#### [Task]
The result should be an exact copy of only the lines from the one with "户型齐全,主打明厨,明卫,客厅朝南,全明格局,主卧朝南二居" through the last line of the data below, with pictures omitted.

Collected data:
==========

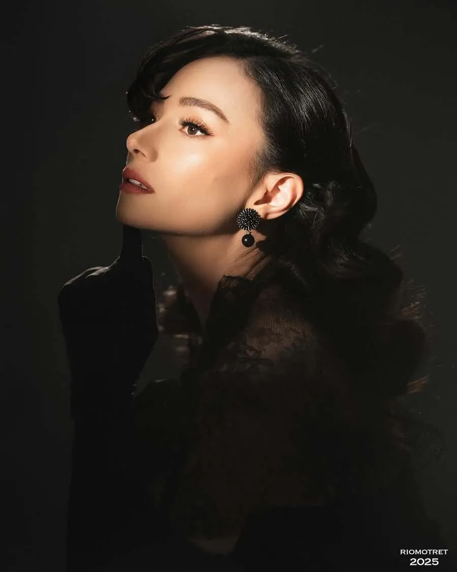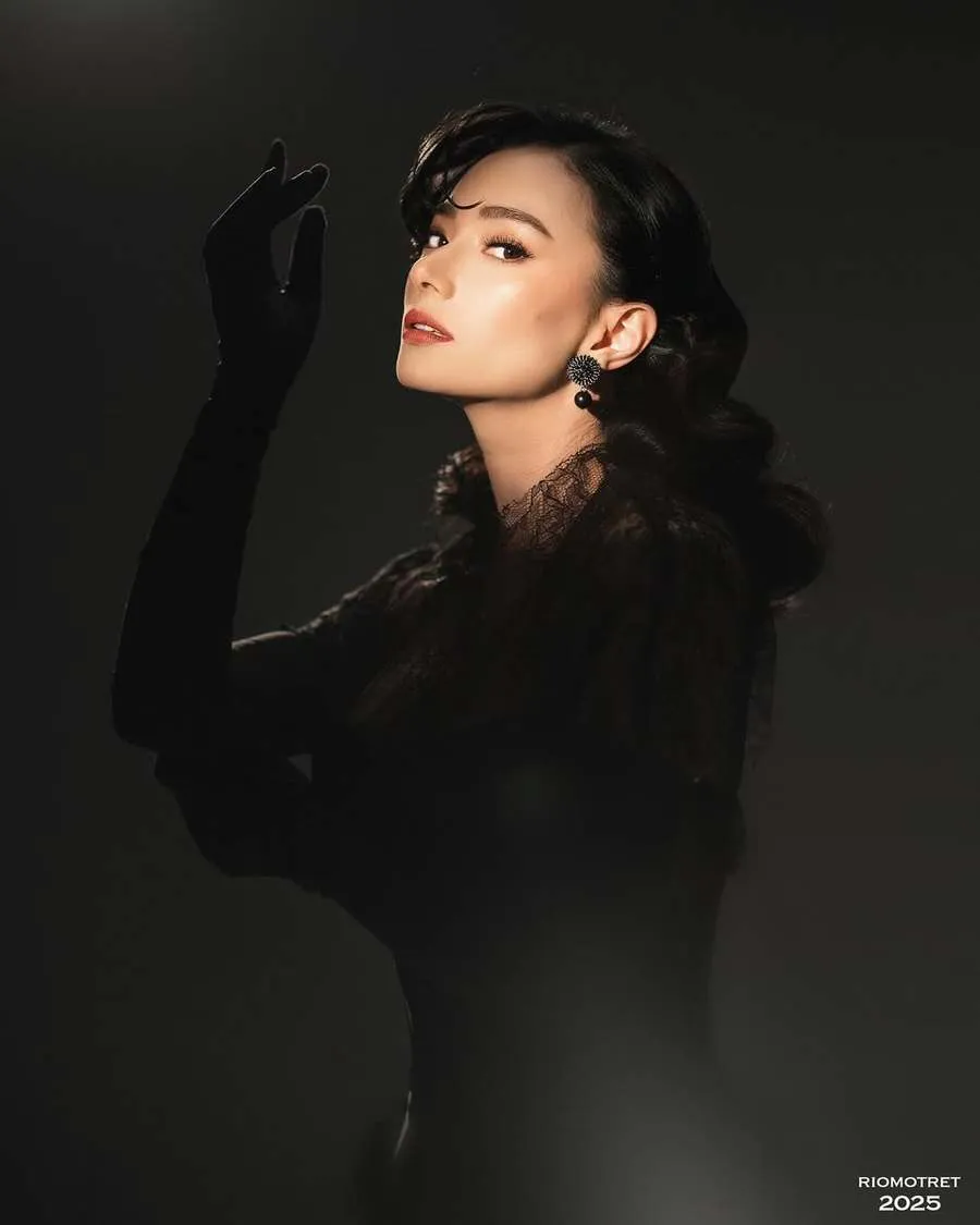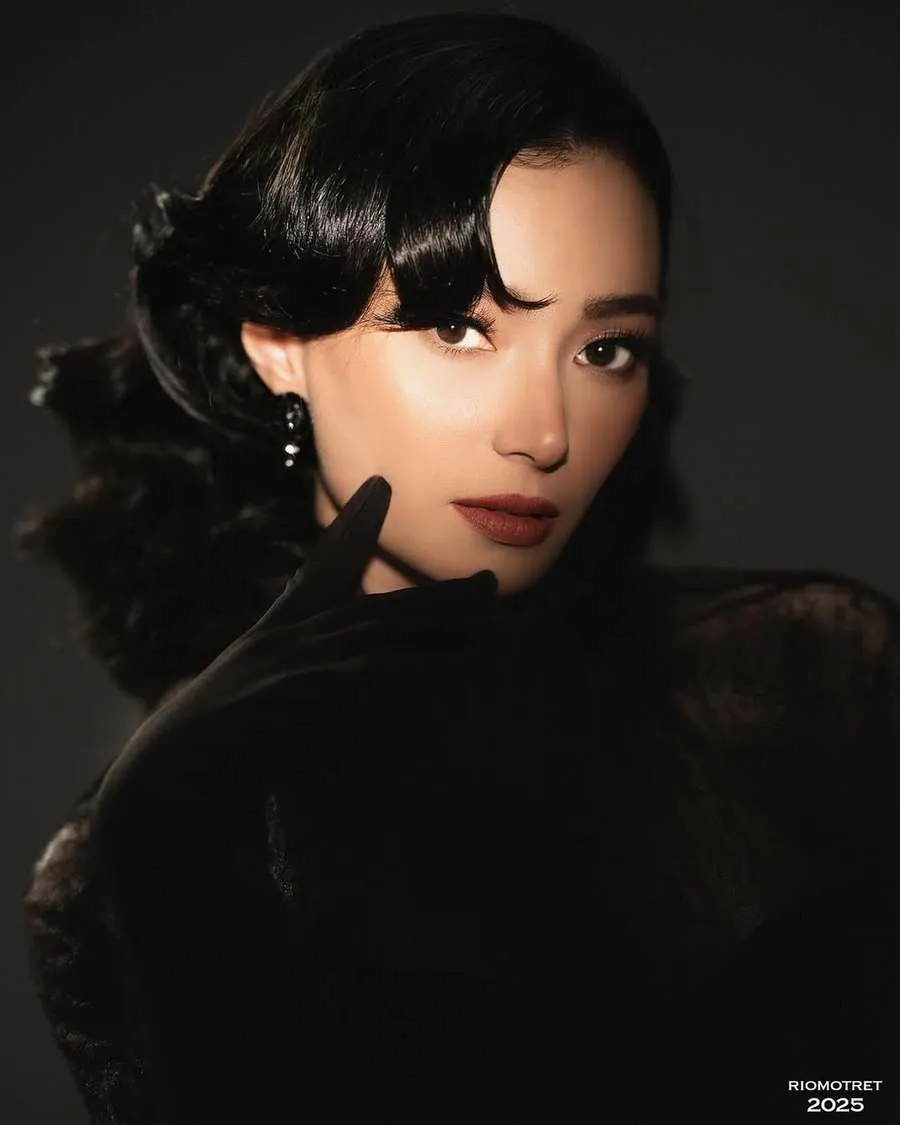 Asmirandah tampak cantik dalam penampilan bernuansa klasik. Gaun hitam dan tata rambutnya yang wavy di poni menegaskan kesan tersebut.
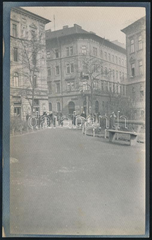 Beschreibung: cca 1910 Bp., az Almássy tér Wesselényi utca felőli sarka, 1920-as évekbeli előhívás, hátulján feliratozva, 14,5×9 cm
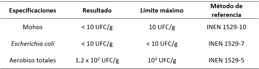 La presencia de coliformes totales del producto terminado se realizó mediante el método de ensayo BAM-FDA CAP #4 2002, cuyo límite máximo permitido para identificar el nivel aceptable y de buena calidad es de 30 UFC/g (INEN 1529-7).
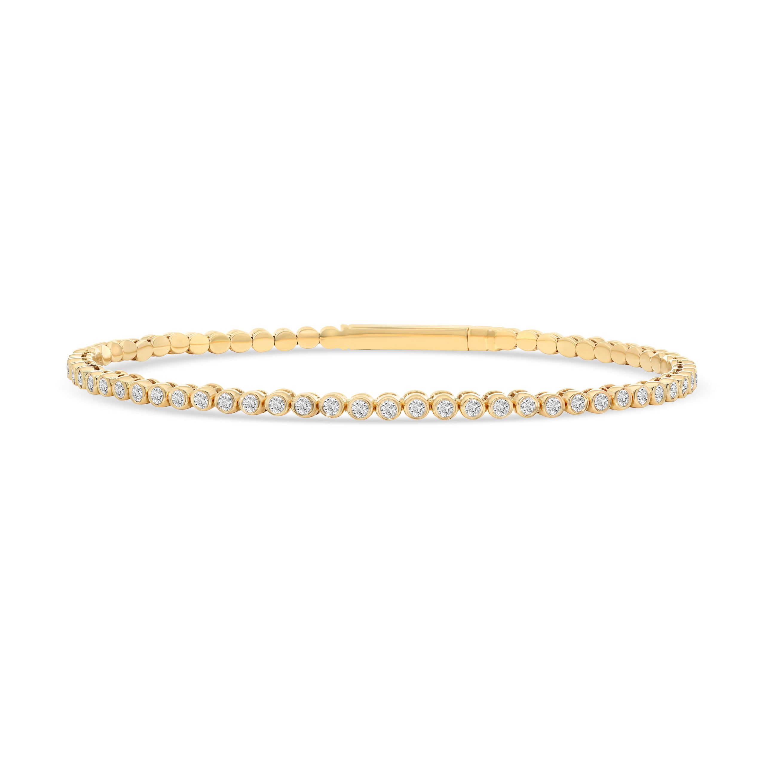 Indulge in the epitome of sophistication with our 14 karat yellow gold diamond flexible bangle. This exquisite piece boasts a dazzling array of 1.33cts. of round brilliant cut diamonds, carefully set within the flexible gold band. The seamless and graceful design offers both comfort and luxury, allowing the diamonds to radiate their mesmerizing brilliance against the backdrop of lustrous yellow gold. Elevate any attire with this statement piece, an embodiment of timeless elegance and refined craftsmanship, perfect for those who appreciate sophistication and glamour.
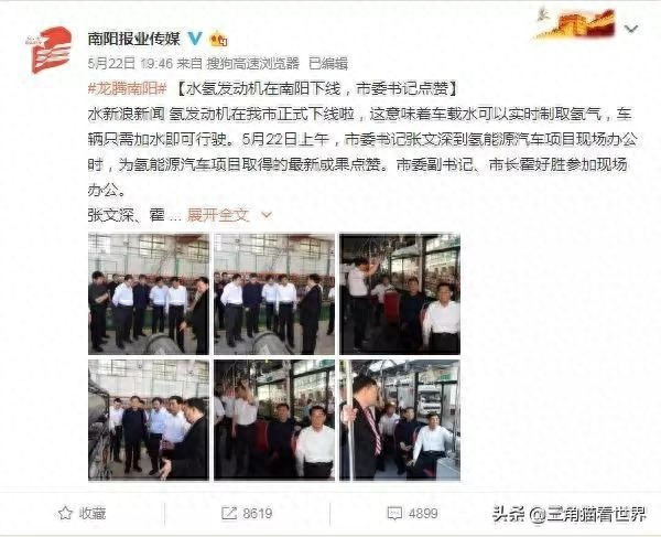 小编注意到在今年的5月22日,《南阳日报》在头版刊登了一则新闻,并在微博上发布了相关报道,称水氢发动机在南阳下线,市委书记张文深在调研氢能源汽车项目时为之点赞。《南阳日报》报道称这意味着车载水可以实时制取氢气,车辆只需加水即可行驶。
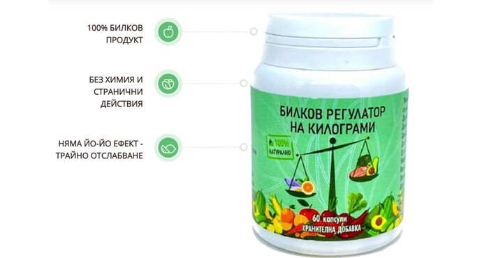 ''Билков регулатор на килограми'' е изцяло натурален продукт. Съдържа 60 капсули. При спазване на препоръчителната дневна доза от 1 капсула на ден, опаковката е достатъчна за прием в рамките на 2 месеца. Приемът е на гладно, поне 20 минути преди хранене. ''Билков регулатор на килограми'' е одобрен от ''Българска агенция по безопасност на храните''. Не се препоръчва употребата от деца под 18 г. Може да бъде закупен на цена от 20 лв. от : https://bio-otslabvane.com/
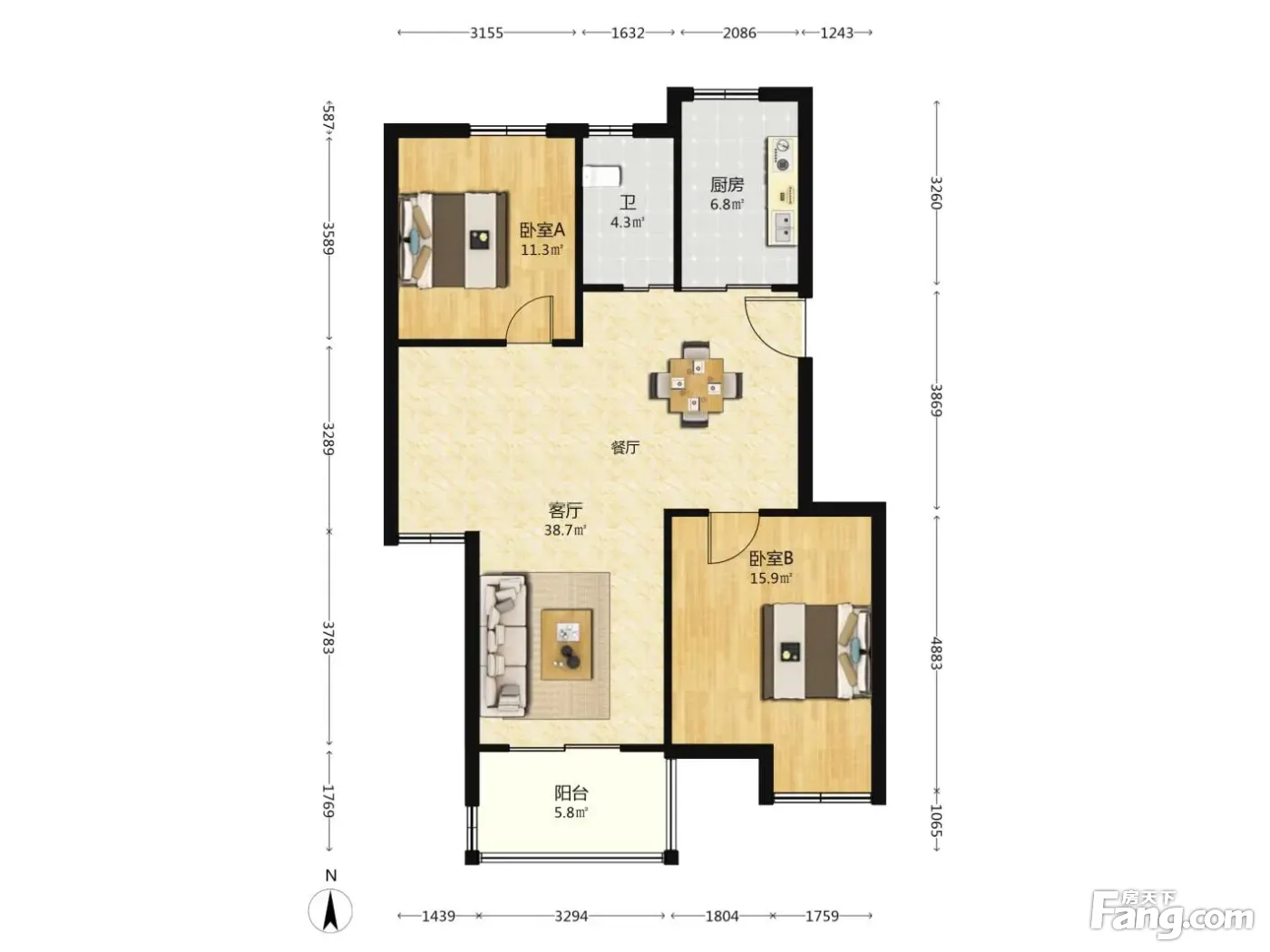 户型齐全,主打明厨,明卫,客厅朝南,全明格局,主卧朝南二居
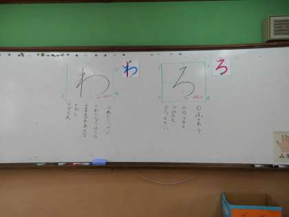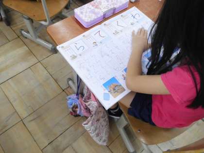 ひらがなの学習も終わりに近づいてきました。先生に丸をもらおうと,頑張ってていねいに練習しています。授業中だけでなく,家での勉強などでもていねいな字を書くように心がけましょう。

==========

#### [Exercise result]
 户型齐全,主打明厨,明卫,客厅朝南,全明格局,主卧朝南二居
 ひらがなの学習も終わりに近づいてきました。先生に丸をもらおうと,頑張ってていねいに練習しています。授業中だけでなく,家での勉強などでもていねいな字を書くように心がけましょう。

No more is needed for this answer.